Griffith Ian M, Hess R Preston, McDermott Josh H
Department of Brain and Cognitive Sciences, MIT, Cambridge, MA, USA.
McGovern Institute for Brain Research, MIT, Cambridge, MA, USA.
bioRxiv. 2025 May 28:2025.05.28.656682. doi: 10.1101/2025.05.28.656682.

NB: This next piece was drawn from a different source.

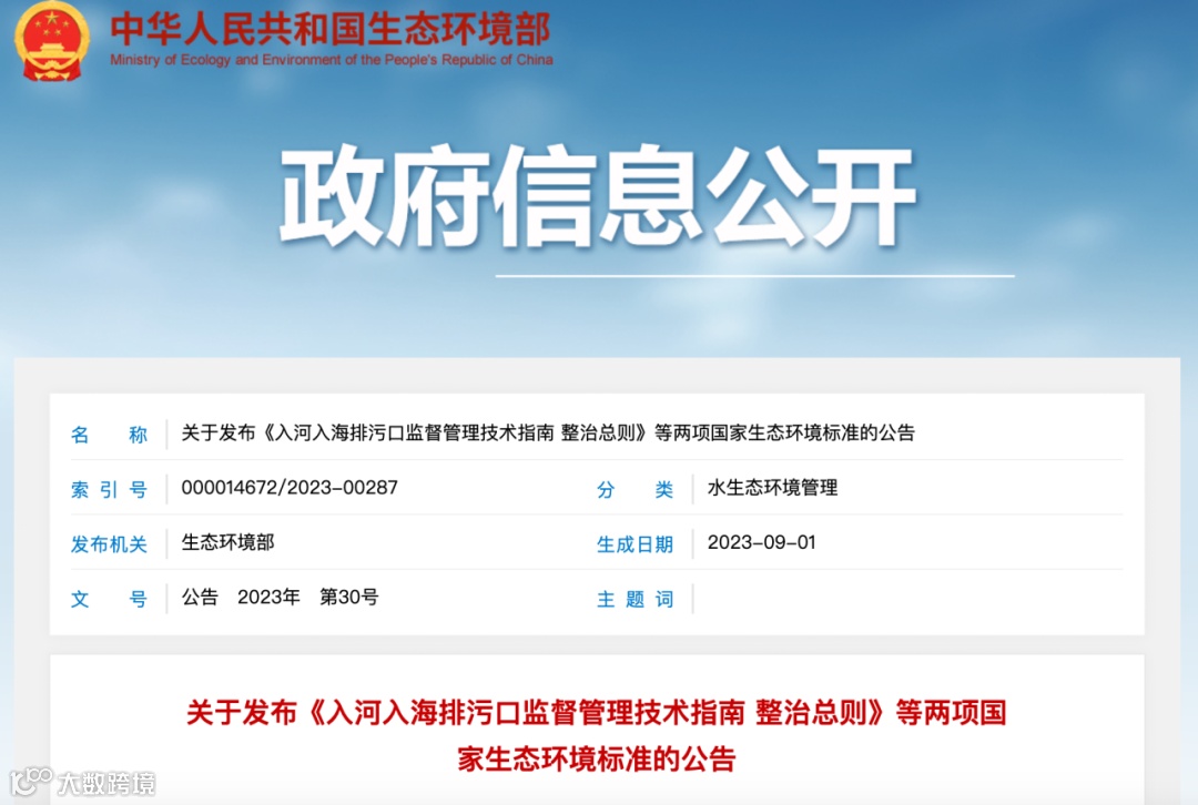2023年9月1日,生态环境部首次发布《入河入海排污口监督管理技术指南 整治总则》(以下简称《总则》)、《入河入海排污口监督管理技术指南 入河排污口规范化建设》两项国家生态环境标准,并将于2023年11月1日起实施。

Attention facilitates communication by enabling selective listening to sound sources of interest. However, little is known about why attentional selection succeeds in some conditions but fails in others. While neurophysiology implicates multiplicative feature gains in selective attention, it is unclear whether such gains can explain real-world attention-driven behavior. To investigate these issues, we optimized an artificial neural network with stimulus-computable, feature-based gains to recognize a cued talker's speech from binaural audio in "cocktail party" scenarios. Though not trained to mimic humans, the model matched human performance across diverse real-world conditions, exhibiting selection based both on voice qualities and spatial location. It also predicted novel attentional effects that we confirmed in human experiments, and exhibited signatures of "late selection" like those seen in human auditory cortex. The results suggest that human-like attentional strategies naturally arise from optimization of feature gains for selective listening, offering a normative account of the mechanisms-and limitations-of auditory attention.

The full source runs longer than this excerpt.